Nowhere do miscreants pay that ultimate price more diligently than in Texas, a big state with a small heart and a jittery nervous system, which, according to Amnesty International, executed 37 people in 1997. As raw revenge this works well, but ultimately it is likely to confirm the view, obviously already rampant, that human life is more trivial than sacred.

No two cases are the same, even in Texas, but Faulder’s may be as typical as they get. He’s 61 now, has been under sentence of death for 21 years -- anyone feeling stressed by the prospect of Christmas should contemplate a year in his shoes.

The prosecution said Faulder, along with a former prostitute named Linda McCann, beat and stabbed Phillips in the course of burglarizing her home.

This account, not surprisingly, gets murky at once. For one thing, no physical evidence was ever found. There’s another wrinkle: Faulder is a Canadian national, but no one bothered to tell him he could seek legal and other assistance from the Canadian consulate, a right ratified by international convention. Furthermore, his requests for an attorney were ignored until, after four days of interrogation, he signed a confession. This may be a true confession, but after four days of questions people have been known to sign all kinds of stuff.

The trial was speedy and the sentence death. In 1979, however, the Texas Court of Criminal Appeals commuted the sentence on grounds that the confession was illegally obtained. But the son of the murdered woman -- the Phillips are a rich oil family -- took justice more or less in his own hands. He hired two private prosecutors. These offered McCann immunity, as well as money -- the money ($15,000 plus) was the Phillips’ own but the immunity wasn’t really theirs to offer -- for testifying against Faulder. Being already an admitted participant in the crime, such testimony by McCann was illegal, but not to worry, this is Texas.

It gets more sticky, though. Even Texas law needed corroboration. So the Phillips family paid McCann’s husband $2,000 for testimony -- all he had to say was that his wife told him the same as she had told the court. Not until a month before the new trial did the district attorney appoint a lawyer to give the appearance of propriety. Faulder’s court-appointed attorney called no witnesses. The state called one, James Grigson, a notorious expert-for-hire later expelled from the American and Texas psychiatric associations for precisely such unethical behavior. But his testimony at the time nailed Faulder by saying he was a menace if allowed to live, an opinion necessary to secure the death penalty. No one testified that, due to a severe childhood head injury, Faulder was liable to blackouts and other behavior problems.
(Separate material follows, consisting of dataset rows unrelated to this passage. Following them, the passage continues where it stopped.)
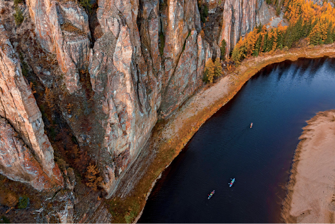 «Этот сплав по реке Синяя в Якутии я снимал с дрона. Река живописно петляет по тайге – то слева по берегам, то справа вырастают скалы-останцы. Впадает река в Лену, примерно в том месте, где находятся знаменитые Ленские столбы. Когда-то здесь был
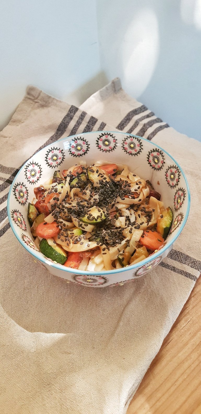 Remplissez la casserole d’eau bouillante et versez les pâtes qui cuiront 10 minutes ( vérifiez sur votre paquet). Égouttez et incorporez-les au mélange de légumes. Versez la sauce tamari sur le tout, mélangez bien et servez.
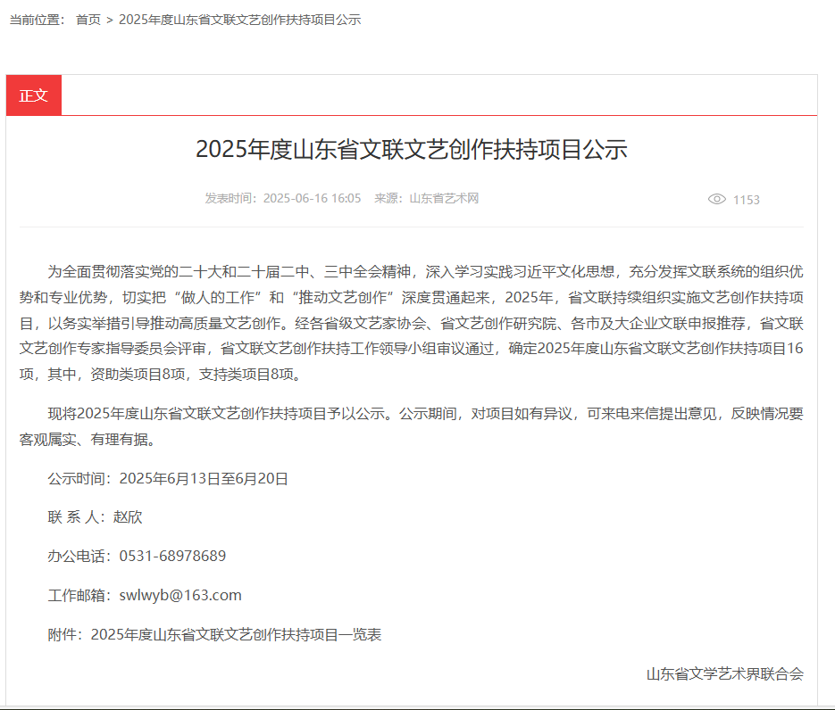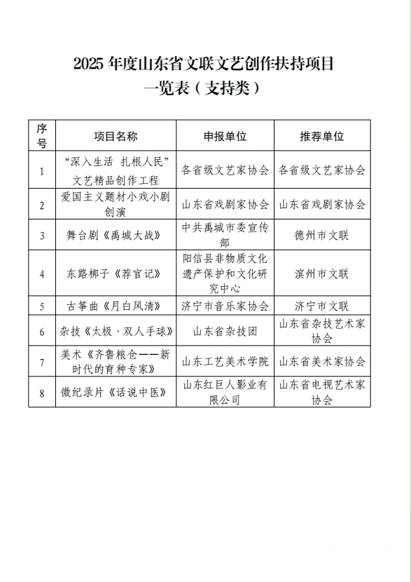 为深入贯彻落实党的二十大和二十届二中、三中全会精神,全面践行习近平文化思想,山东省文联将文艺人才培养与精品创作紧密结合,通过一系列务实举措,引导和推动全省文艺创作迈向高质量发展之路,此次入选的16个项目,涵盖多个艺术领域,代表了全省文艺创作的新方向和新成果。
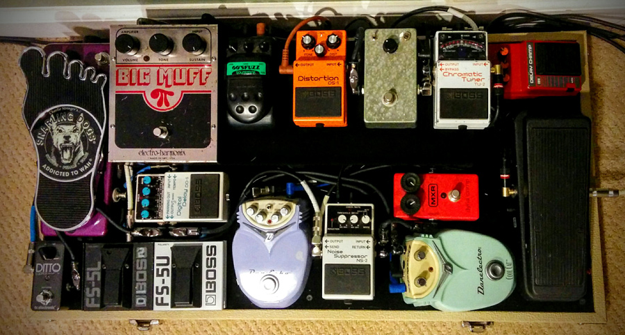 Today’s Pedal Line Friday submission is from James Takacs. If you have a pedal line (doesn’t have to be in a board) for your rig, please email me a photo, bio, description of pedals and routing to pedalline@nulleffectsbay.com. Every Friday I’ll showcase a pedal line submission. Make sure you include any links to your band or music page.
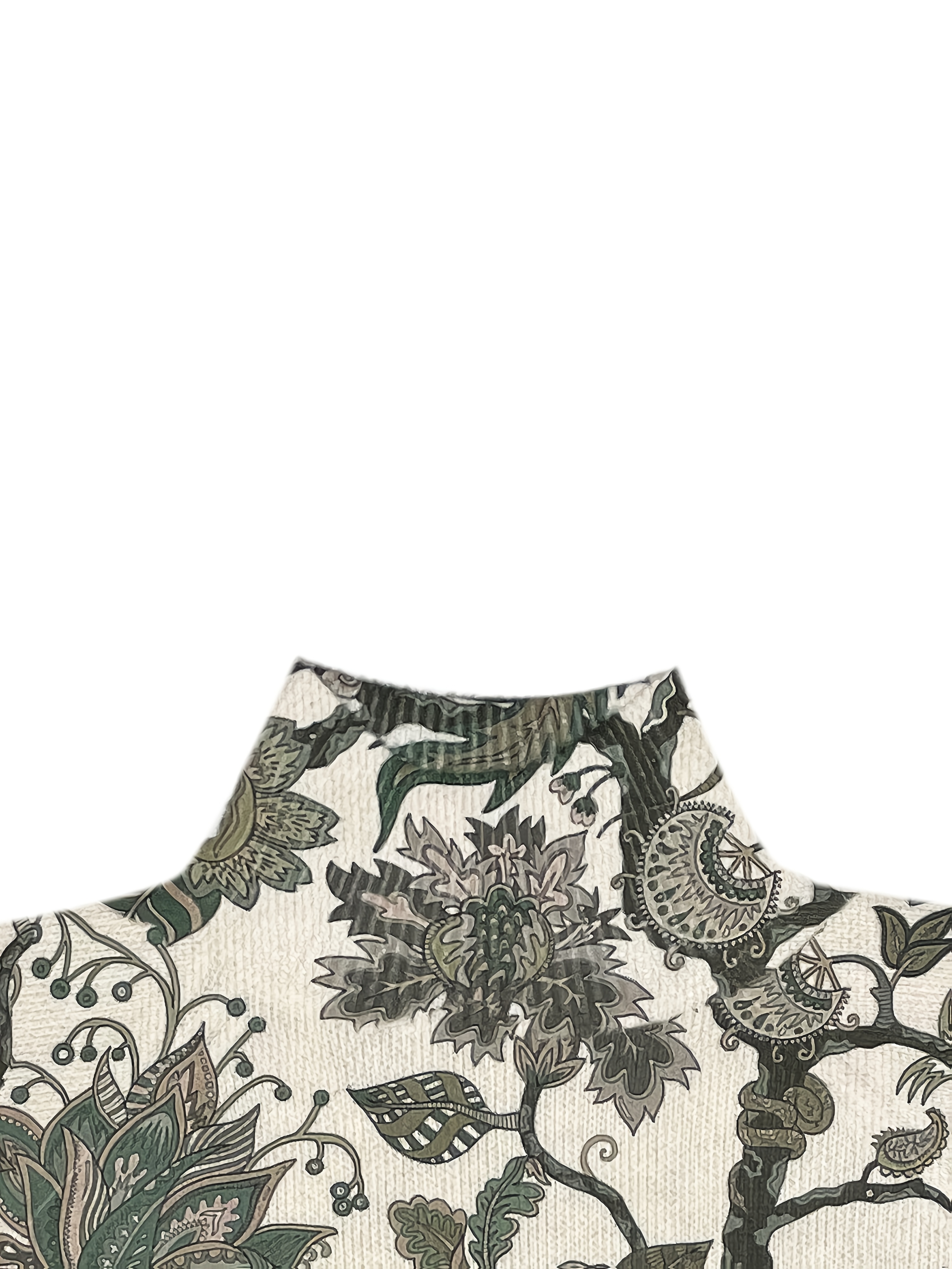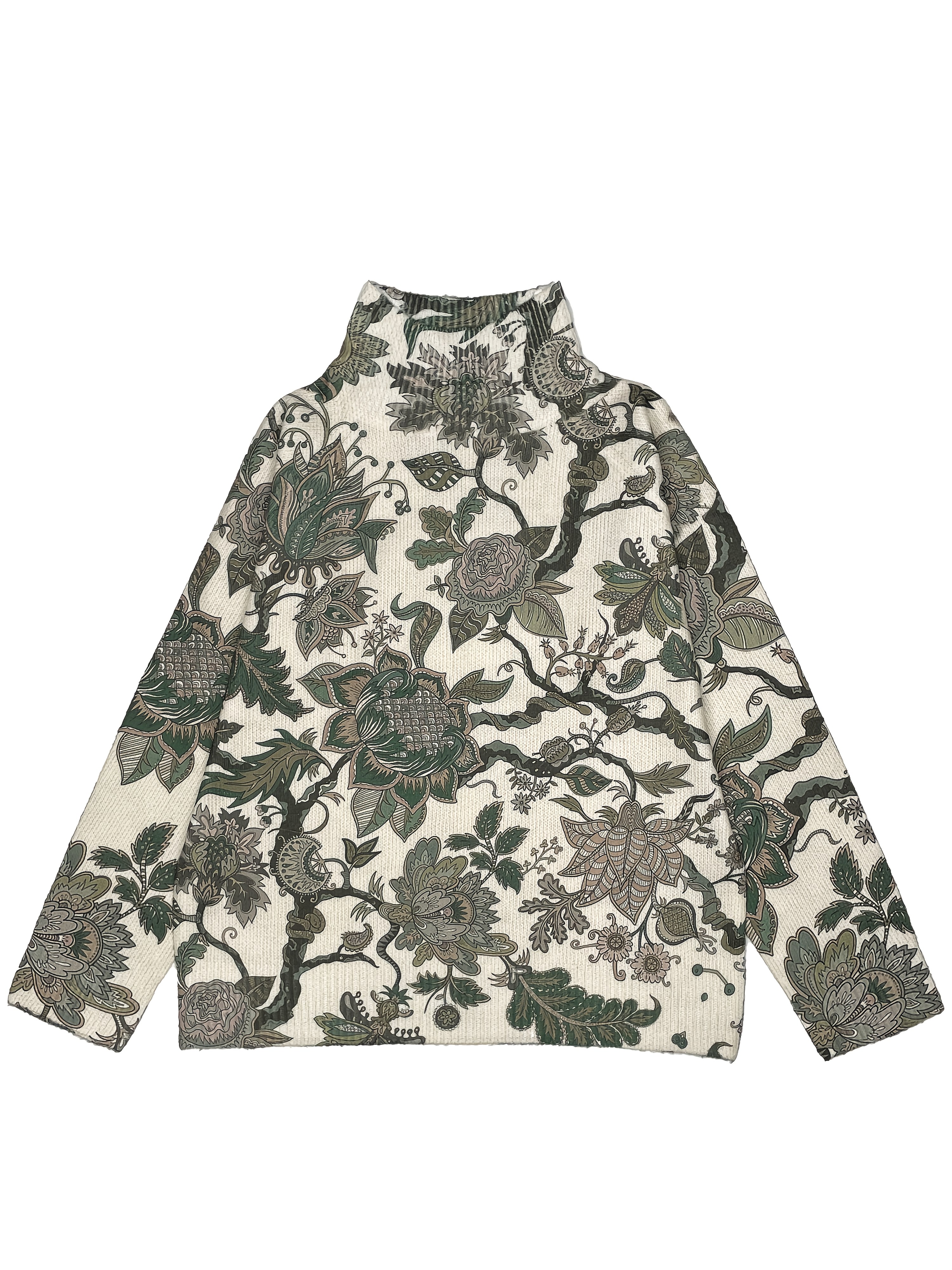 Elegant Floral Print High-Neck Sweater for Women - Chic Long Sleeve, Button-Up Front, Beige with Black & Brown Floral Design, Perfect for Fall & Winter, Autumn Winter Wear | Floral Print Top | Construction, Sweater Dress
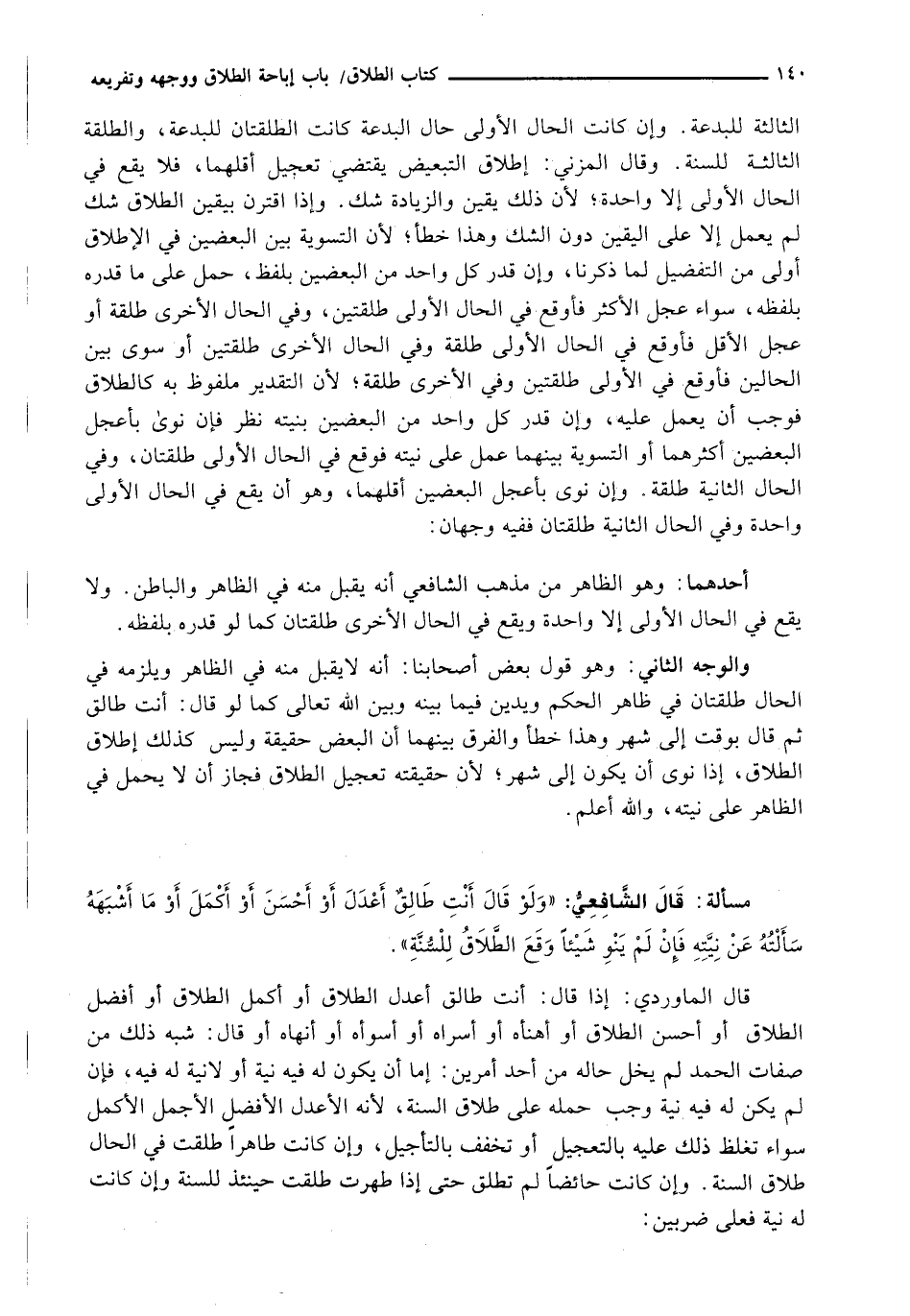 قَالَ الْمَاوَرْدِيُّ: إِذَا قَالَ: أَنْتِ طَالِقٌ أَعْدَلَ الطَّلَاقِ أَوْ أَكْمَلَ الطَّلَاقِ أَوْ أَفْضَلَ الطَّلَاقِ أَوْ أَحْسَنَ الطَّلَاقِ أَوْ أَهْنَأَهُ أَوْ أَسْرَاهُ أَوْ أَسْوَأَهُ أَوْ أَنْهَاهُ أَوْ قَالَ: شِبْهَ ذَلِكَ مِنْ صِفَاتِ الْحَمْدِ لَمْ يَخْلُ حَالُهُ مِنْ أَحَدِ أَمْرَيْنِ: إِمَّا أَنْ يَكُونَ لَهُ فِيهِ نِيَّةٌ أَوْ لَا نِيَّةَ لَهُ فِيهِ، فَإِنْ لَمْ يَكُنْ لَهُ فِيهِ نِيَّةٌ وَجَبَ حَمْلُهُ عَلَى طَلَاقِ السُّنَّةِ، لِأَنَّهُ الْأَعْدَلُ الْأَفْضَلُ الْأَجْمَلُ الْأَكْمَلُ سَوَاءٌ تَغَلَّظَ ذَلِكَ عَلَيْهِ بِالتَّعْجِيلِ أَوْ تَخَفَّفَ بِالتَّأْجِيلِ، وَإِنْ كَانَتْ طَاهِرًا طُلِّقَتْ فِي الْحَالِ طَلَاقَ السُّنَّةِ. وَإِنْ كَانَتْ حَائِضًا لَمْ تُطَلَّقْ حَتَّى إِذَا طَهُرَتْ طُلِّقَتْ حِينَئِذٍ لِلسُّنَّةِ وَإِنْ كَانَتْ لَهُ نِيَّةٌ فَعَلَى ضربين:
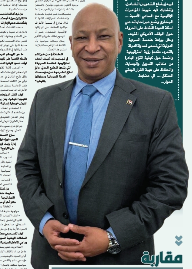في هذا الحوار الاستثنائي، نفتح الملفات الشائكة فوق طاولة الدبلوماسية السودانية مع واحد من أبرز خبراء العلاقات الدولية، السفير الدكتور معاوية البخاري .الدبلوماسي والنائب السابق لرئيس بعثة السودان في نيويورك والأكاديمي المعروف… يأتي هذا اللقاء في توقيت مفصلي يتسارع فيه إيقاع التدويل الشامل، وتتشابك فيه خيوط المؤامرات الإقليمية مع المساعي الأممية…. البخاري وضع عبر احاباته علي اسئلة العودة النقاط على الحروف حول الموقف الأمريكي المتردد، وحلل ببراعة هندسة السردية الدولية التي تسعى لمساواة الدولة بالتمرد، مقدماً رؤية استراتيجية واضحة حول كيفية انتزاع المبادرة من مخالب التدويل والوصاية، والحفاظ على هيبة القرار الوطني المستقل…. الي مضابط الحوار…

These are just a few highlights on the Texas justice roller-coaster. Dec. 10 is Faulder’s ninth execution date. His is not much of a life, but he is making the best of it. He has, when circumstances allowed, acted as an unofficial nondenominational chaplain on death row. Not that this makes him innocent -- many people get religion fast on death row.

Amnesty International and other networks are making last-minute efforts to turn this travesty around. They’re not asking for his release but that his sentence be commuted to life imprisonment or some variation.

One suspects a day will come when Texans will look back in shame not only that they killed people with such abandon but that they did it so fast and loose -- well, slow and loose -- with so little thought to human rights, which our country stretches so hard to proclaim around the world.

There is still time to write and stir things up. If you have an official letterhead, use it. Complain to:

The Hon. George Bush, governor of Texas, State Capitol, P.O. Box 12428, Austin TX 78711; fax 612-463-1849; phone 512-463-2000;

Victor Rodriguez, Texas Board of Pardons, P.O. Box 13401, Austin TX 78711; fax 612-467-0945.